Module 8.3: Cloud Repatriation & Migration

Complexity: [ADVANCED] | Time: 60 minutes

Prerequisites: Module 8.1: Multi-Site & Disaster Recovery, Module 8.2: Hybrid Cloud Connectivity

What You’ll Be Able to Do

After completing this module, you will be able to:

Evaluate cloud repatriation economics with accurate 5-year TCO models that include hidden migration and staffing costs
Design a phased migration plan that replaces cloud-managed services (RDS, ElastiCache, ALB) with self-managed on-premises equivalents
Implement workload migration strategies that maintain service continuity during the transition from cloud to bare metal
Plan staffing and operational readiness requirements for self-managing infrastructure previously handled by cloud providers

Why This Module Matters

In 2022, 37signals published a detailed accounting of their cloud exit. They spent $3.2 million per year on AWS — EC2, RDS, S3, and EKS. Their CTO calculated that equivalent hardware would cost $600,000 upfront, with $840,000 annual operations. Over five years, the on-prem path would save over $7 million.
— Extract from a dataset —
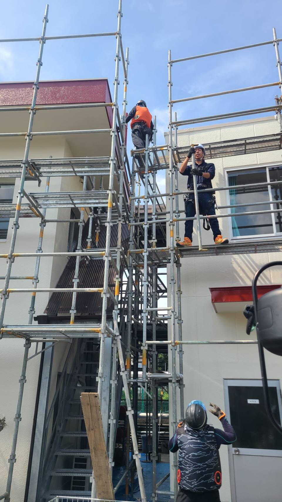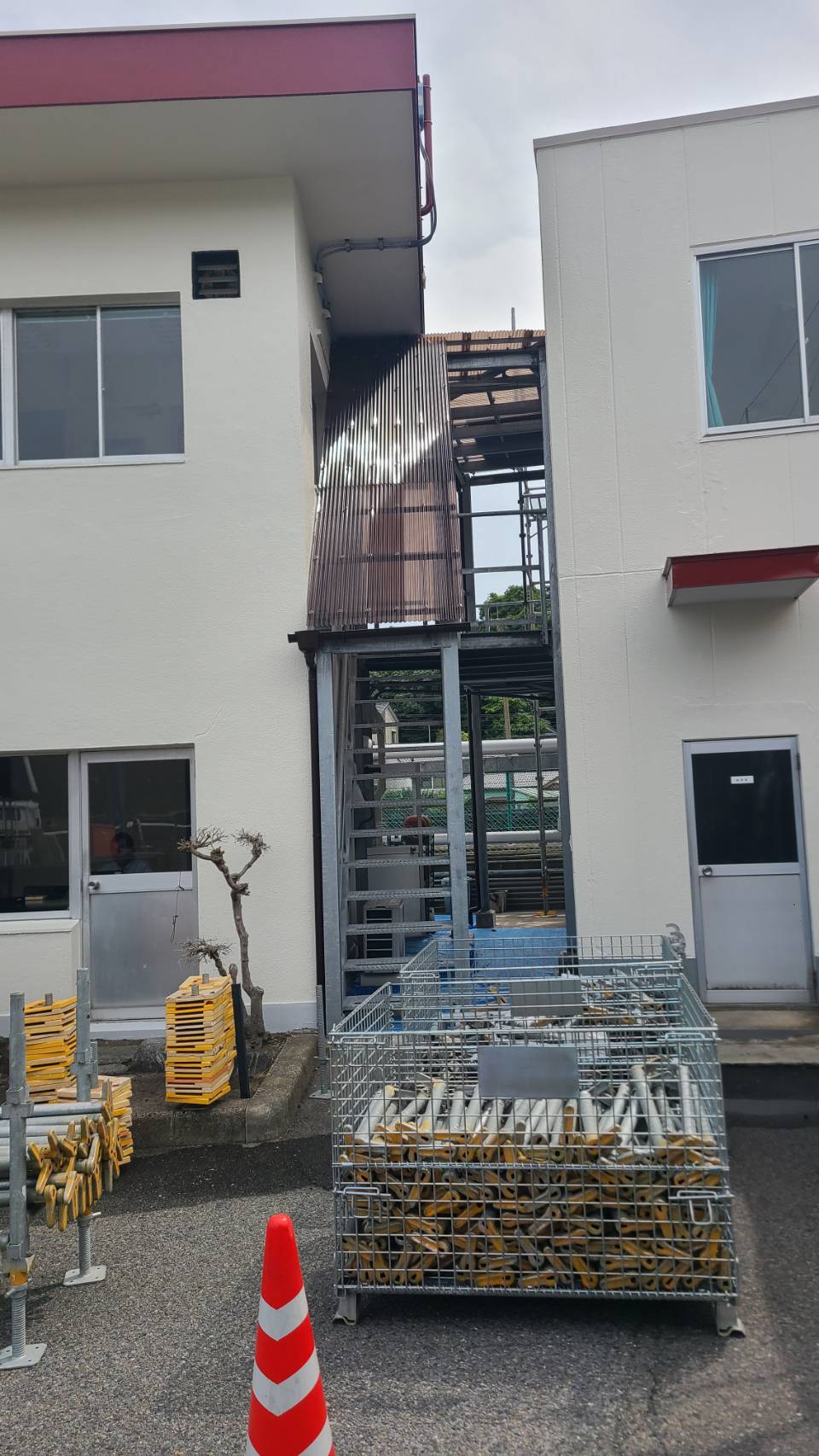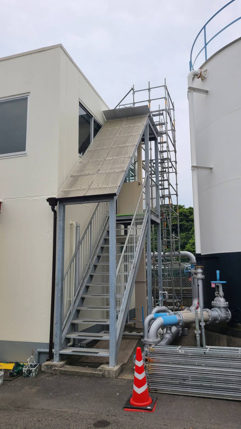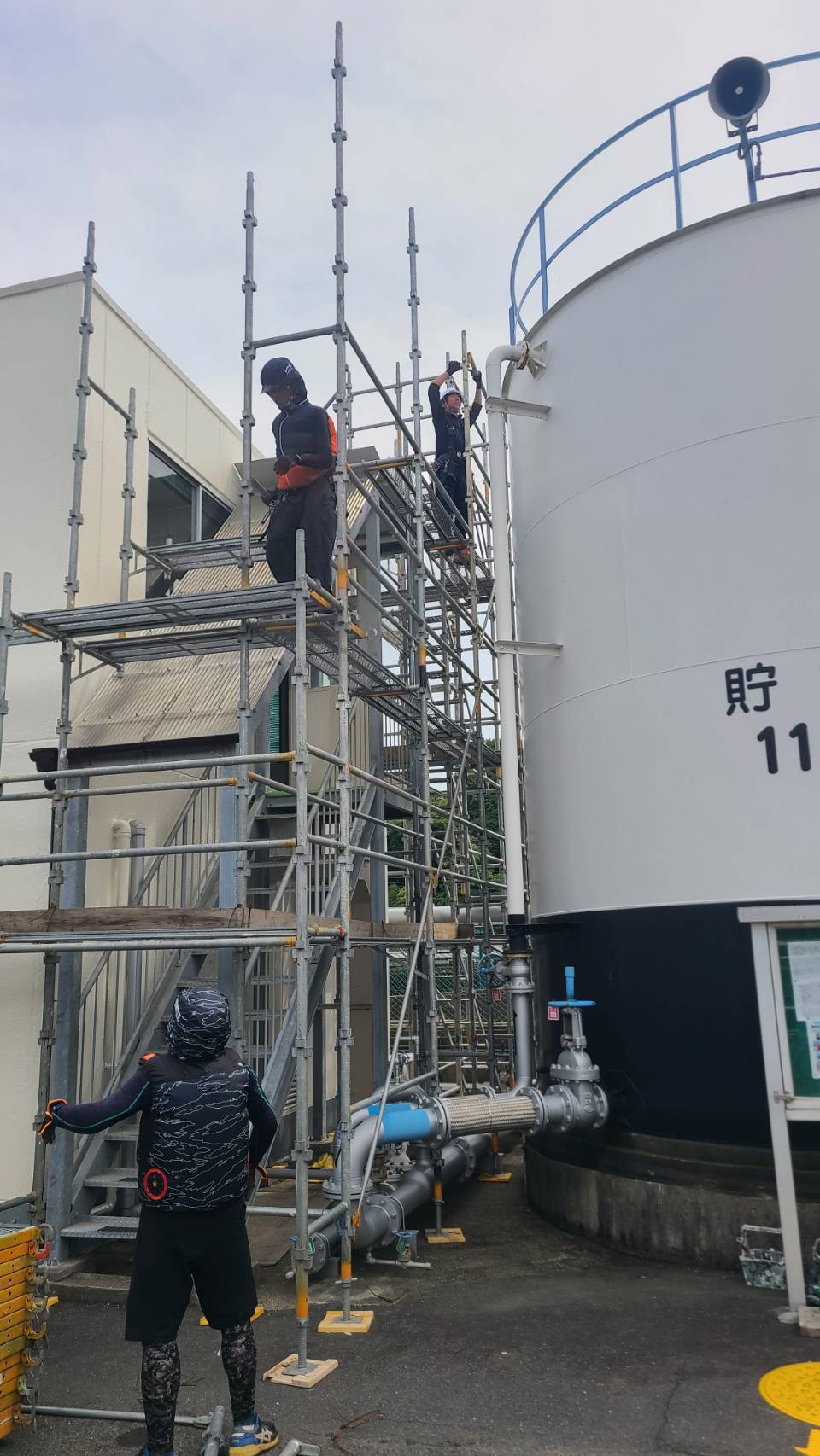 某備蓄タンク事務所棟等改修用足場解体。

The migration took eight months. It was not lift-and-shift. Every AWS-managed service had to be replaced: RDS became self-managed PostgreSQL, ElastiCache became self-hosted Redis, ALB became HAProxy, CloudWatch became Prometheus and Grafana. Containers were the easy part. The hard part was everything around them — load balancing, DNS, storage, secrets, monitoring, and dozens of AWS services quietly adopted over five years.

They completed the migration in early 2023 with a 60% infrastructure cost reduction. But they also hired two additional engineers and spent six months stabilizing self-managed PostgreSQL. Cloud repatriation is real, the economics can be compelling, and the execution is harder than anyone expects.

The Moving House Analogy

Moving from cloud to on-prem is like moving from a furnished rental to a house you buy. The rental included furniture (managed services) and a maintenance crew (cloud ops). Your house is cheaper long-term, but you buy all the furniture and learn to fix your own plumbing.

What You’ll Learn

When cloud repatriation makes economic sense
Translating cloud load balancers (ALB/NLB) to MetalLB
Storage migration from EBS/EFS to Ceph
IAM translation from AWS IAM to Keycloak
Data gravity and migration sequencing
Phased migration with rollback plans

When Repatriation Makes Sense

  Annual cloud spend > $1M?
    No  ──► STAY (savings won't justify effort)
    Yes ──► Workloads steady-state (not bursty)?
              No  ──► STAY (on-prem can't burst)
              Yes ──► < 10 managed services?
                        No  ──► PARTIAL (move compute, keep managed)
                        Yes ──► Can hire 2-4 infra engineers?
                                  No  ──► STAY (can't operate on-prem)
                                  Yes ──► PROCEED WITH PLANNING

Factor	Cloud (Annual)	On-Prem (Annual)
Compute (200 nodes)	$1,200,000	$180,000 (amortized 4yr)
Storage (100TB)	$240,000	$40,000 (Ceph, amortized)
Network egress	$180,000 (20TB/mo)	$12,000 (colo bandwidth)
Managed services	$360,000	$0 (self-managed)
Additional staff	$0	$400,000 (2 SREs)
Colocation	$0	$144,000
Total	$1,980,000	$776,000 (61% savings)

Warning: At 20 nodes, cloud is almost always cheaper when you factor in staff time. Breakeven is typically 50-100 nodes depending on workload density and cloud discounts (Reserved Instances, Committed Use Discounts).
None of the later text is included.